=== Section Start ===
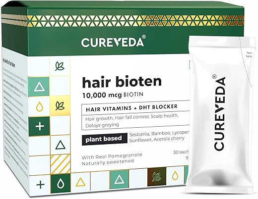 Cureveda GROW Plant Based Biotin 10000mcg powder (30 servings) Hair Nutrition, Hair fall,Premature greying, Hair Growth, Healthy Scalp-150gm
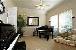 Welcome to this one of kind home in Gleannloch Farms! Two fireplaces & huge master suite, including separate sitting area, make this home truly unique. Add'l features of this open floor plan include gorgeous entry w/ laminate hardwood floors, dining room w/ chair railing/crown moulding, gourmet island kitchen has s/s appliances, spacious bedrooms/closets, & backyard w/ limitless potential including your future dream pool/spa. Amenities ~ 3 pools, kids splash pad, dog park, fitness center & more.
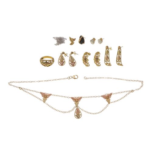 (10) items including (4) pairs of pierced earrings, (2) single earrings, a ring and a necklace as well as (2) chain fragments (most marked "10k")
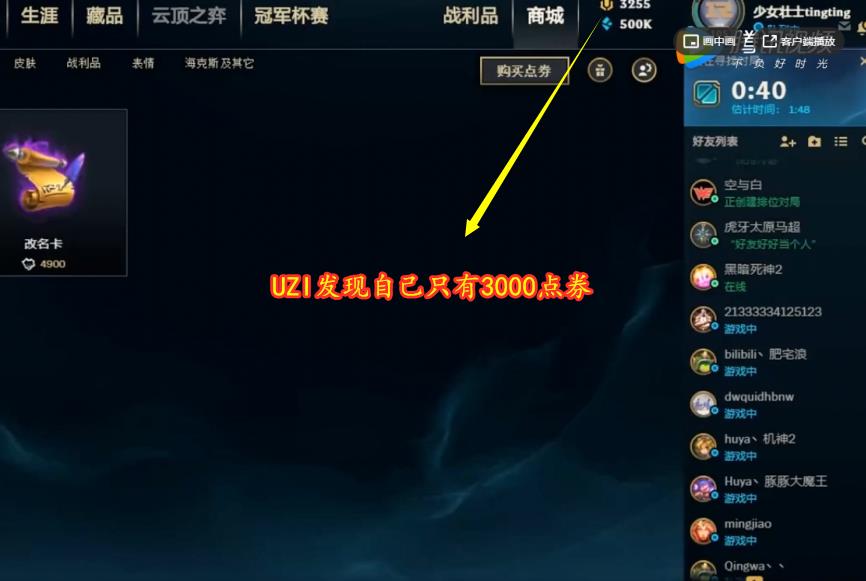 拳头给的超级帐号有多牛?UZI点券不够,一个电话过去10W点券到账
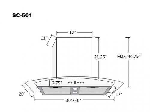 A very stylish exhaust fan, it is the perfect balance of substance and style. The graceful contour of the arched glass canopy coupled with the brilliant shine of the stainless steel body give an impression that is at once both modern and classic. The hood features a digital three speed control panel, button controlled halogen lights, two stainless steel BAFFLE filters, and a quiet, efficient motor. Fitted with time delay "OFF" options up to nine minutes.
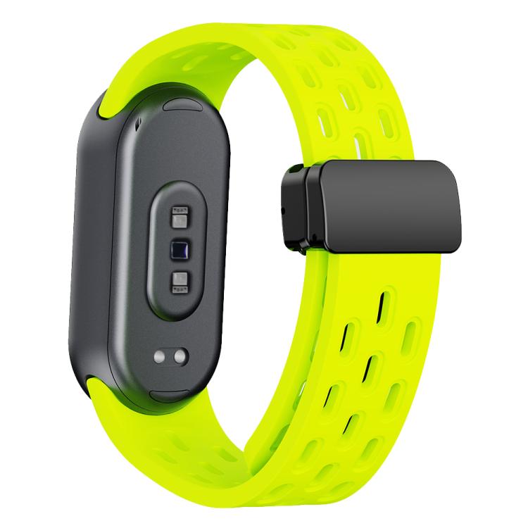 Correa de silicona con hebilla magnética negra para Xiaomi Smart Band 10/9/8 xDfind Holes (verde lima)
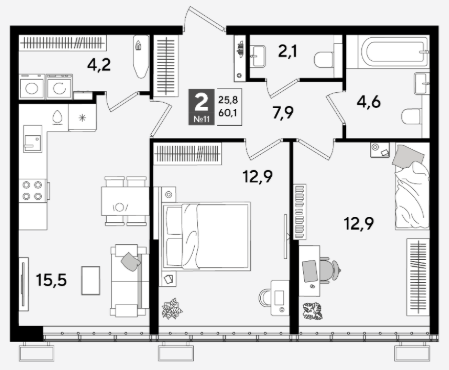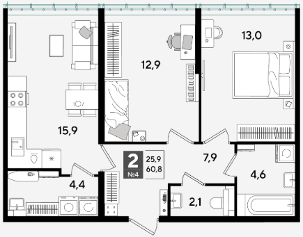 2 | 59.9 / 25.9 м² | от 9 272 520 руб. (154 800 руб./м²) | Планировка | |
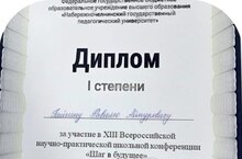 Диплом 1 степени Республиканского этапа VIII Всероссийской научно-практической конференции "Шаг в будущее" 16.04.2022
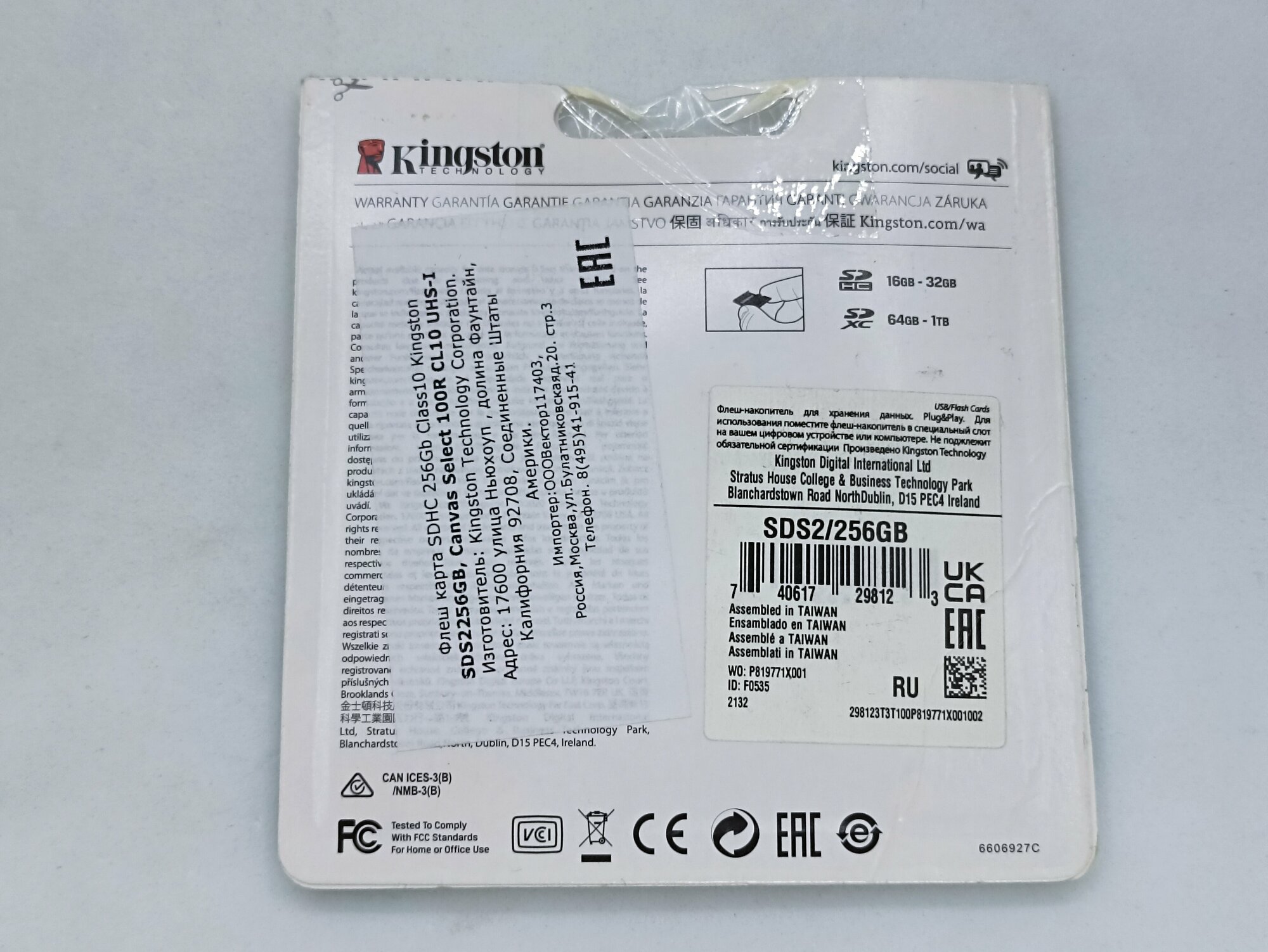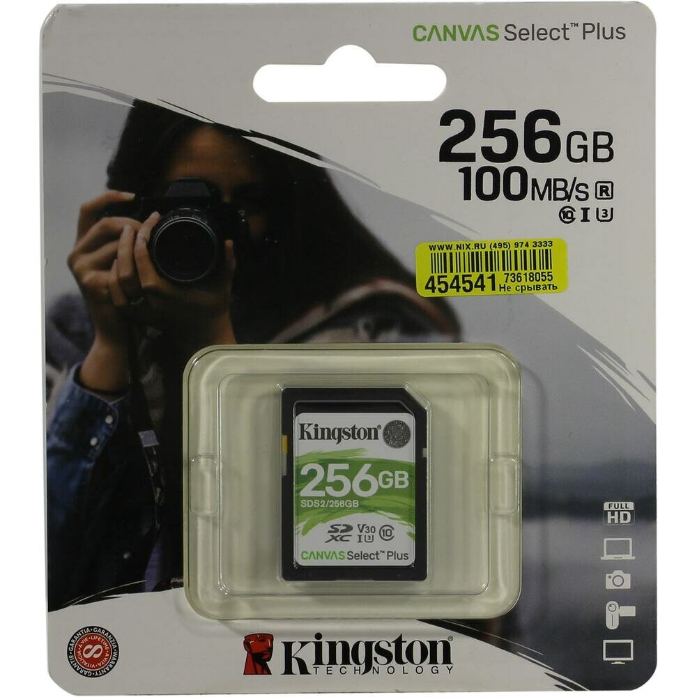 Карта памяти Kingston Canvas Select Plus SDXC 256 ГБ Class 10, V30, UHS-I U3, R/W 100/85 МБ/с (SDS2/256GB)
=== Section End ===
> **Task item**
Word for word, repeat the lines above from the one with "拳头给的超级帐号有多牛?UZI点券不够,一个电话过去10W点券到账" through the one with "Диплом 1 степени", and nothing beyond them. Omit the pictures.

> **Written answer**
 拳头给的超级帐号有多牛?UZI点券不够,一个电话过去10W点券到账
 A very stylish exhaust fan, it is the perfect balance of substance and style. The graceful contour of the arched glass canopy coupled with the brilliant shine of the stainless steel body give an impression that is at once both modern and classic. The hood features a digital three speed control panel, button controlled halogen lights, two stainless steel BAFFLE filters, and a quiet, efficient motor. Fitted with time delay "OFF" options up to nine minutes.
 Correa de silicona con hebilla magnética negra para Xiaomi Smart Band 10/9/8 xDfind Holes (verde lima)
 2 | 59.9 / 25.9 м² | от 9 272 520 руб. (154 800 руб./м²) | Планировка | |
 Диплом 1 степени Республиканского этапа VIII Всероссийской научно-практической конференции "Шаг в будущее" 16.04.2022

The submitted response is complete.